Drop every image, then reproduce the data exactly as given.

Start of RAW DATA

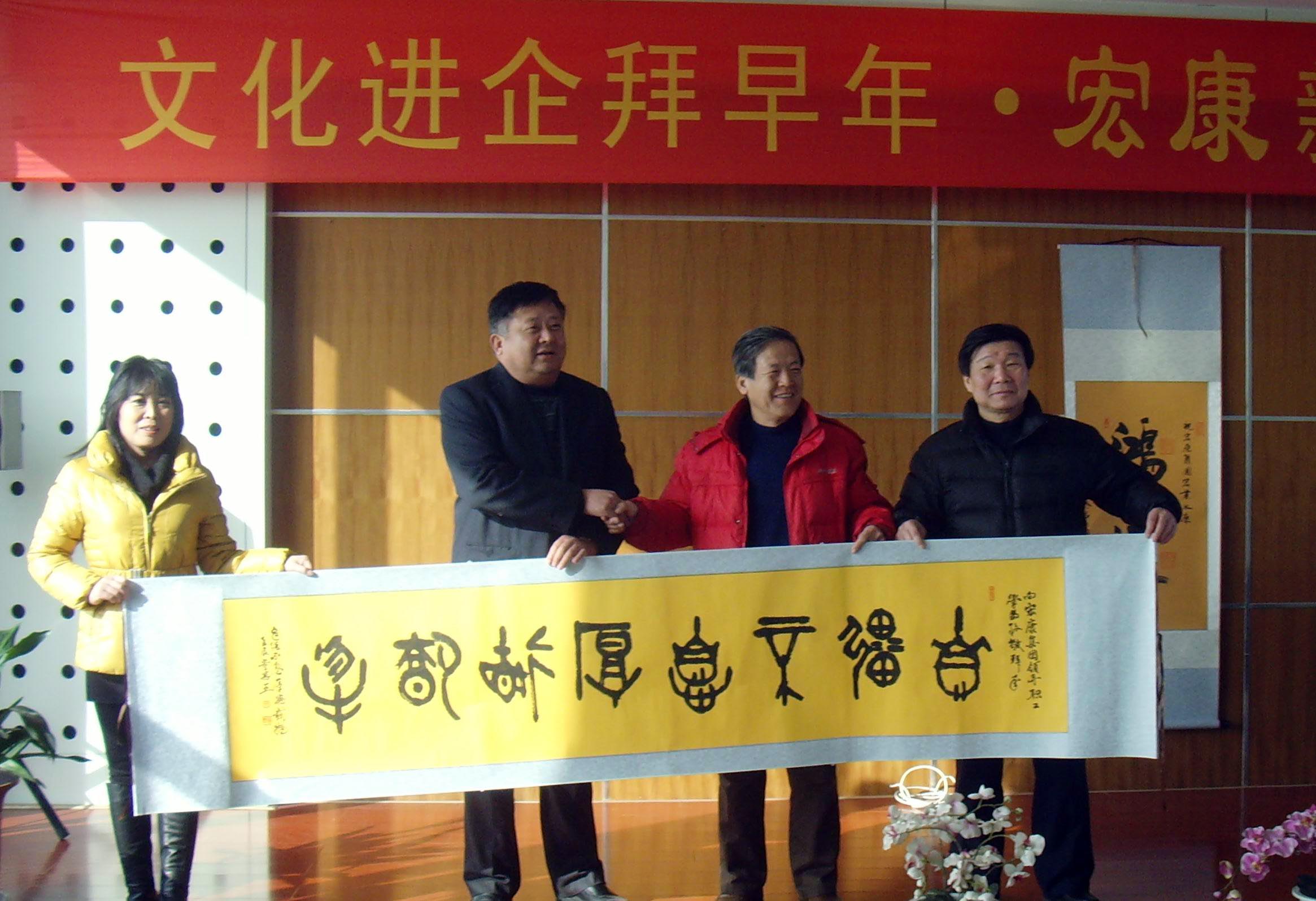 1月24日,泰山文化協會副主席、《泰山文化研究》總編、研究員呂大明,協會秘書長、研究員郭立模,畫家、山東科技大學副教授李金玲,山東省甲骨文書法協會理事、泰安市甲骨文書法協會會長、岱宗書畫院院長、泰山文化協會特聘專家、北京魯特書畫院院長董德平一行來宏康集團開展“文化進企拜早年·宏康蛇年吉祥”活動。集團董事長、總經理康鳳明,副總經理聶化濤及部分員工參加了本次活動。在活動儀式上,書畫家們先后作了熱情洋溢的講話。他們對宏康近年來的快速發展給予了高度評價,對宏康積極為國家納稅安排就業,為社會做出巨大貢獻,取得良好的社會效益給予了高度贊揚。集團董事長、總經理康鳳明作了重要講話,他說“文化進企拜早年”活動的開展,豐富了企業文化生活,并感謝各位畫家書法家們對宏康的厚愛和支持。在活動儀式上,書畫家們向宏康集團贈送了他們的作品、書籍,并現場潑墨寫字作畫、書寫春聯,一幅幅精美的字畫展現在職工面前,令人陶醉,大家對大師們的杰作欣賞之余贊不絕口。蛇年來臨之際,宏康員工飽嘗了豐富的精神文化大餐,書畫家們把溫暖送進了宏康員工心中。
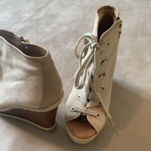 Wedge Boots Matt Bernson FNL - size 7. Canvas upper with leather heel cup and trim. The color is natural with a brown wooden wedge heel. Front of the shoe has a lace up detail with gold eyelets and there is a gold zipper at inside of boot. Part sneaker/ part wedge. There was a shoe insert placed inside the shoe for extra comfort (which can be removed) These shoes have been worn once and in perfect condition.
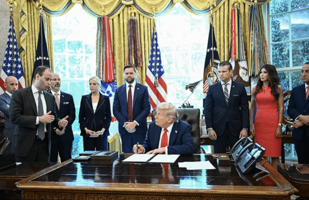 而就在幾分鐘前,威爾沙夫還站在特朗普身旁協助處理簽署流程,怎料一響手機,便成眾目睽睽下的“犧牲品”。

End of RAW DATA

EXPECTED OUTPUT:
 1月24日,泰山文化協會副主席、《泰山文化研究》總編、研究員呂大明,協會秘書長、研究員郭立模,畫家、山東科技大學副教授李金玲,山東省甲骨文書法協會理事、泰安市甲骨文書法協會會長、岱宗書畫院院長、泰山文化協會特聘專家、北京魯特書畫院院長董德平一行來宏康集團開展“文化進企拜早年·宏康蛇年吉祥”活動。集團董事長、總經理康鳳明,副總經理聶化濤及部分員工參加了本次活動。在活動儀式上,書畫家們先后作了熱情洋溢的講話。他們對宏康近年來的快速發展給予了高度評價,對宏康積極為國家納稅安排就業,為社會做出巨大貢獻,取得良好的社會效益給予了高度贊揚。集團董事長、總經理康鳳明作了重要講話,他說“文化進企拜早年”活動的開展,豐富了企業文化生活,并感謝各位畫家書法家們對宏康的厚愛和支持。在活動儀式上,書畫家們向宏康集團贈送了他們的作品、書籍,并現場潑墨寫字作畫、書寫春聯,一幅幅精美的字畫展現在職工面前,令人陶醉,大家對大師們的杰作欣賞之余贊不絕口。蛇年來臨之際,宏康員工飽嘗了豐富的精神文化大餐,書畫家們把溫暖送進了宏康員工心中。
 Wedge Boots Matt Bernson FNL - size 7. Canvas upper with leather heel cup and trim. The color is natural with a brown wooden wedge heel. Front of the shoe has a lace up detail with gold eyelets and there is a gold zipper at inside of boot. Part sneaker/ part wedge. There was a shoe insert placed inside the shoe for extra comfort (which can be removed) These shoes have been worn once and in perfect condition.
 而就在幾分鐘前,威爾沙夫還站在特朗普身旁協助處理簽署流程,怎料一響手機,便成眾目睽睽下的“犧牲品”。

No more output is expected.